Ad apparire problematica, in particolare, è l’individuazione di rimedi in grado di garantire che il rischio relativo alla verificazione di tali eventi sia equamente distribuito tra le parti contraenti.

Tra gli strumenti predisposti dalla legge per il controllo delle sopravvenienze vi rientrano sicuramente alcuni istituti di carattere generale, quali l’impossibilità e l’eccessiva onerosità della prestazione, nonché disposizioni più specifiche previste con riferimento a singoli contratti, in relazione ai quali vi è l’esigenza, più che in altri casi, di fornire ai contraenti uno strumento di tutela dell’equilibrio contrattuale.

D’altra parte, è certamente nella facoltà dei soggetti contraenti inserire nel programma negoziale apposite clausole di completamento, rinegoziazione o adeguamento automatico, le quali consentano di adeguarne il contenuto al verificarsi di eventi successivi, salvaguardando così l’equilibrio delle condizioni contrattuali.

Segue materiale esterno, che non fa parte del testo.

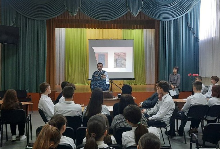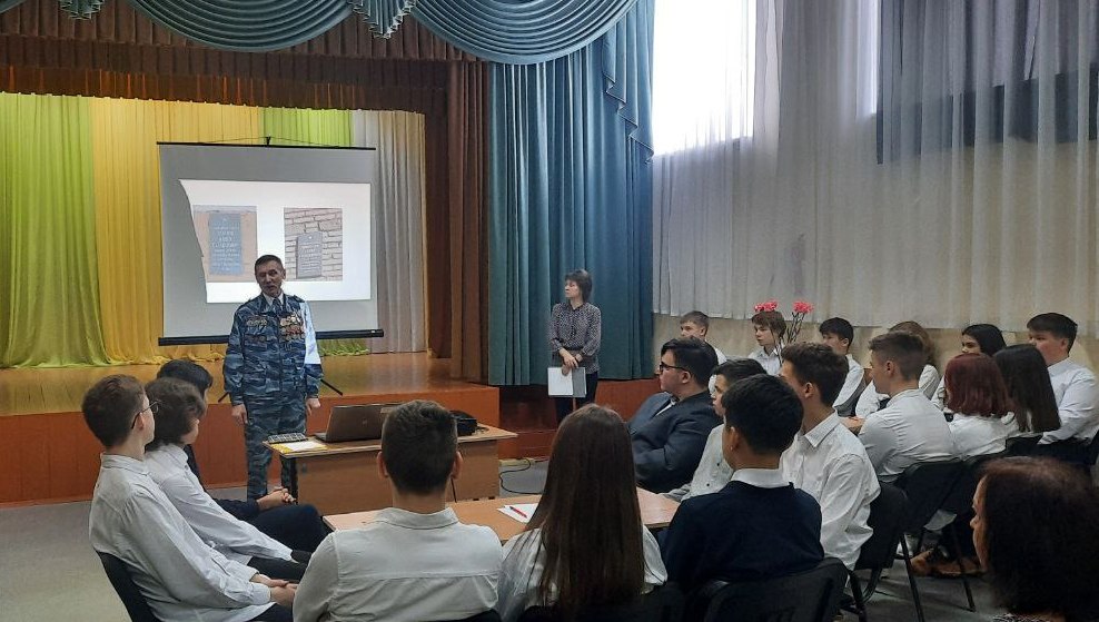 Руководитель Белебеевского местного отделения Всероссийской общественной организации ветеранов «Боевое братство», ветеран МВД, участник войны в Афганистане Рим Зуфарович Багманов рассказал учащимся о службе в армии, в каких условиях проходили боевые дежурства, как проходили боевые рейды в кишлаки.

Il problema, piuttosto, si pone con riferimento a quelle sopravvenienze che non risultano riconducibili a nessuno dei rimedi all’uopo sanciti dal legislatore e, nello stesso tempo, non sono convenzionalmente previste dalle parti nella determinazione del regolamento contrattuale, ossia le c.d. sopravvenienze atipiche.

L’orientamento originariamente prevalente escludeva che potesse attribuirsi rilevanza a tali sopravvenienze, le quali erano ritenute insuscettibili di influire sul contenuto del negozio, rilevando come la loro mancata previsione ad opera dei soggetti contraenti lasciasse intendere la volontà di quest’ultimi di assumersi il rischio del loro accadimento, che pertanto doveva rimanere in capo alle parti.

Tale interpretazione traeva spunto dalla natura vincolante del regolamento contrattuale, espressa dal brocardo “pasta sunt servanda”, nonché dal principio di autoresponsabilità, ai quali le parti devono ritenersi assoggettate in ragione dell’assunzione volontaria e consapevole degli obblighi contrattuali.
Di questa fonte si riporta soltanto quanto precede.